Earlier in the class, when I mentioned a theological question my 2-year old daughter had asked, a young woman in the class asked if I had taken my daughter to Disney. (The answer is no.) In response, I asked the class how many of *them* had gone to Disney. A full 32 of 33 students raised animated hands.
(Vincent Miller, in reflections occasioned by his own young daughter, well characterizes the transition to Disney language in his excellent book Consuming Religion, where on page 6 he memorably (and critically) writes: “Gloria in Excelsis Deo! Hakuna Matata!”)

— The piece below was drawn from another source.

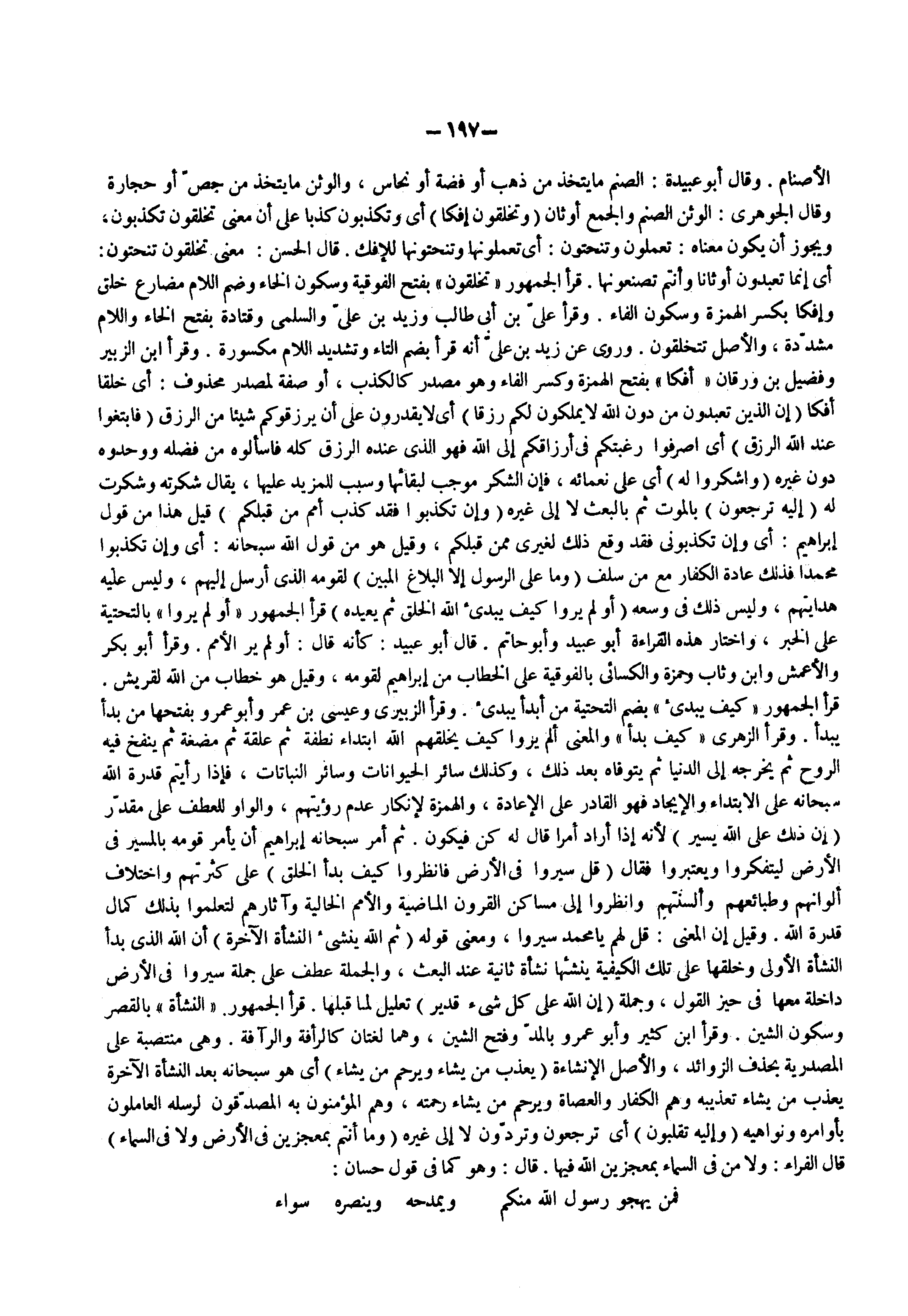 الأصنام وقال أبو عبيدة الصنم ما يتخذ من ذهب أو فضة أو نحاس والوثن ما يتخذ من جص أو حجارة وقال الجوهري الوثن الصنم والجمع أوثان ) وتخلقون إفكا ( أي وتكذبون كذبا على أن معنى تخلقون تكذبون ويجوز أن يكون معناه تعملون وتنحتون أي تعملونها وتنحتونها للإفك قال الحسن معنى تخلقون تنحتون أي إنما تعبدون أوثانا وأنتم تصنعونها قرأ الجمهور تخلقون بفتح الفوقية وسكون الخاء وضم اللام مضارع خلق وإفكا بكسر الهمزة وسكون الفاء وقرأ على بن أبي طالب وزيد بن علي والسلمي وقتادة بفتح الخاء واللام مشددة والأصل تتخلقون وروى عن زيد بن علي أنه قرأ بضم التاء وتشديد اللام مكسورة وقرأ ابن الزبير وفضيل بن ورقان أفكا بفتح الهمزة وكسر الفاء وهو مصدر كالكذب أو صفة لمصدر محذوف أي خلقا أفكا ) إن الذين تعبدون من دون الله لا يملكون لكم رزقا ( أي لا يقدرون على أن يرزقوكم شيئا من الرزق ) فابتغوا عند الله الرزق ( أي اصرفوا رغبتكم في أرزاقكم إلى الله فهو الذي عنده الرزق كله فاسألوه من فضله ووحدوه دون غيره ) واشكروا له ( أي على نعمائه فإن الشكر موجب لبقائها وسبب للمزيد عليها يقال شكرته وشكرت له ) إليه ترجعون ( بالموت ثم البعث لا إلى غيره
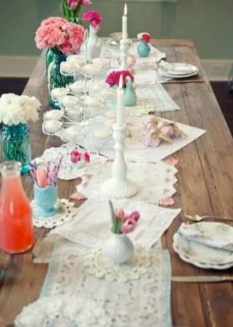 As we have already mentioned, the table should be covered with a chintz tablecloth, and in addition, the decor can be complemented with napkins of the same material. If you pre-starve them, they will look very dignified.

I left the lesson that day with a keen awareness for how much work must be done in entering the world of thought, emotion, and intuition of this post-post-Vatican II generation. And in bringing the worlds of thought, emotion, and intuition from other theological times and places into my students’ sensibilities. It seems to me a task both daunting and absolutely essential.
You’ll find no one who loves all things Disney more than Your Humble Blogger — my wife and I even own a timeshare on Disney property in Florida — but I’m also crazy for Merton. He was a guiding influence in my vocation (as he was for so many others a generation or two back). It pains me to see his influence beginning to disappear.
More young Catholics need to discover him, and learn from him. Before he disappears into the dusty vaults of pre-Vatican II history.